ここでは、これまでの調査などに基づきながら、文学教育のキー・ポイントについて更なる調査を元に議論していきます。具体的には、①対話喚起性による授業内での対話の成立について、②他者の解釈などに触れることで内省し、自己の解釈を中心化→脱中心化→再中心化していくことについて、③ディスカッションなどを通して、自己が話し手、受け手、立会人といった立場を次々と経験する中で各自が読みを修正していき、次第に要点駆動型の読み(ハント&ガイポンドによる概念)へと至ることについて(つまり、文学をコミュニケーションとして捉え、その語用論的な側面ないしテクストの背後にある意図性などについて意識を及ばせること)、が議論されていました。著者は、教室を意味の社会的構成の場として捉えることがとても重要だと述べた上で、国語科授業においては、意味の創造過程の解明、学習者の反応の構造を解明する視座、意味の構成過程としての授業、授業における教師の圧力の除去、協働活動による読みの可能性、を考えていくことが必要と述べています。

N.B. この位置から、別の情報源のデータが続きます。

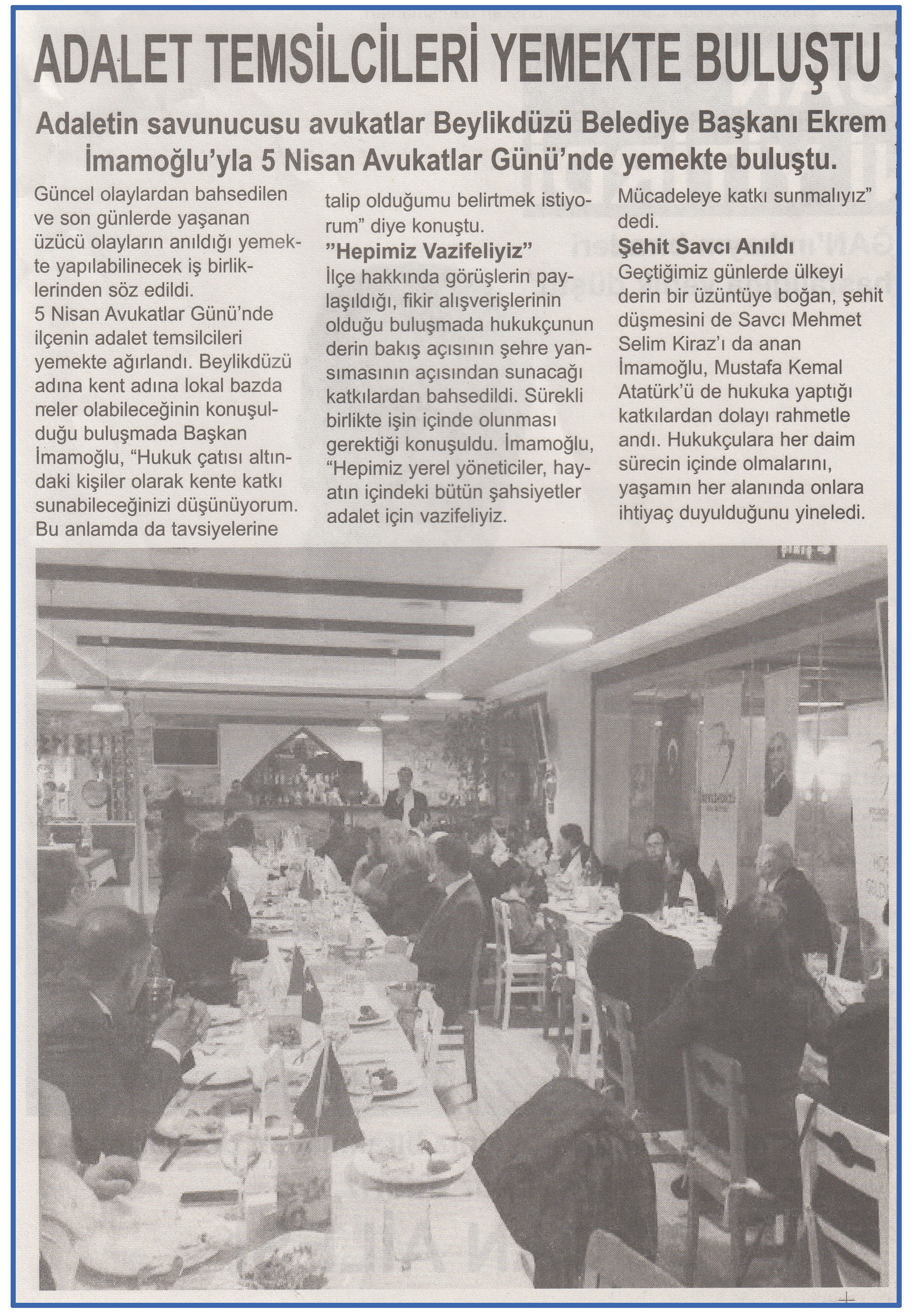 15 Nisan 2015 tarihli ''YANKI'' gazetesi. Adaletin savunucusu avukatlar Beylikdüzü Belediye Başkanı Ekrem İmamoğlu'yla 5 Nisan Avukatlar Günü'nde yemekte buluştu.

私自身、アメリカ国語教育の研究についてこれまであまり勉強していなかったので、その研究動向について知ることができたのはとても有益でした。また、国語教育学の研究ですので、英語教育にそのまま応用できるといったものではありませんが、文学を読むとはどういうことなのか、様々な示唆をえることができました。著者はスコールズが言うところの「批評」のレベルへと至る道のりの途中に「読み」と「解釈」と言うレベルがあると考えており、読みの発達の上では、見物人的スタンスの獲得、更にはダブル・パースペクティブ(様々なスタンスに立つことができるようになること)が不可欠で、そういったスタンスの取り方などを獲得する上で他者との対話が有益であると考えているようです(ただし、著者が最も関心があるのはテクストと読者の対話であり(p. 700)、読者間の対話そのものではありませんが)。とても勉強になりました。